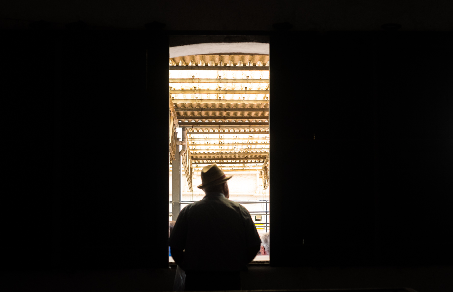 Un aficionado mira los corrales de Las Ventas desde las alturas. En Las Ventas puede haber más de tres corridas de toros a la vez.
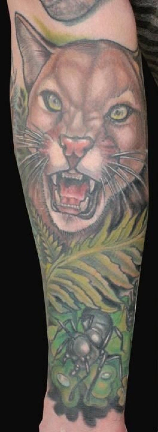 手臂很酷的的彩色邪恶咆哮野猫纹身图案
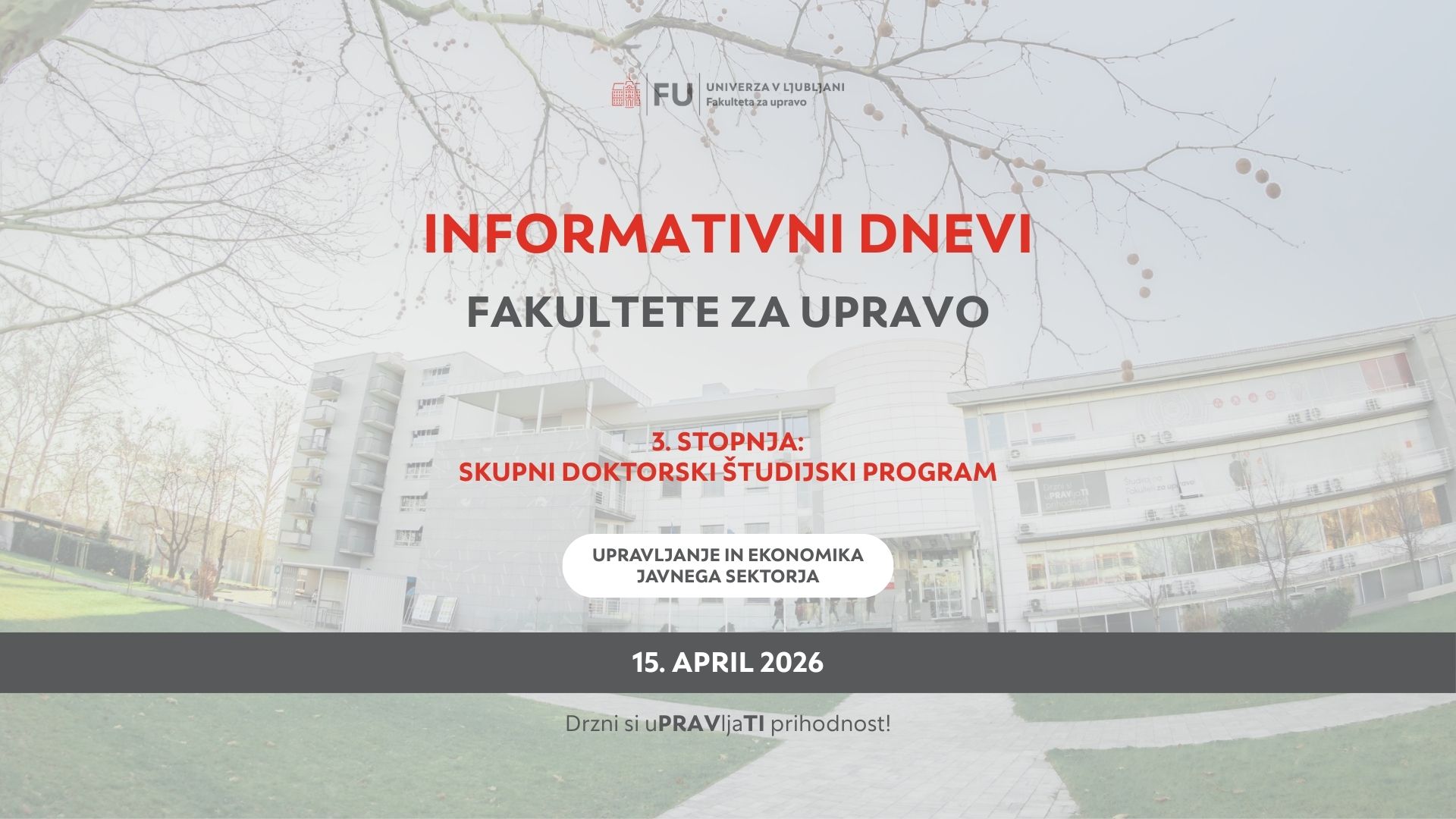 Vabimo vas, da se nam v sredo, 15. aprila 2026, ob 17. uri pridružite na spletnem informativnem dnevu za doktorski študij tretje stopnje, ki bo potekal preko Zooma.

★ ★ ★ ★

PROBLEM TO SOLVE
Nothing but the lines from the one holding "手臂很酷的的彩色邪恶咆哮野猫纹身图案" through the last line of the listing should appear in the answer, copied exactly and without pictures.

RESPONSE FOR THIS EXERCISE
 手臂很酷的的彩色邪恶咆哮野猫纹身图案
 Vabimo vas, da se nam v sredo, 15. aprila 2026, ob 17. uri pridružite na spletnem informativnem dnevu za doktorski študij tretje stopnje, ki bo potekal preko Zooma.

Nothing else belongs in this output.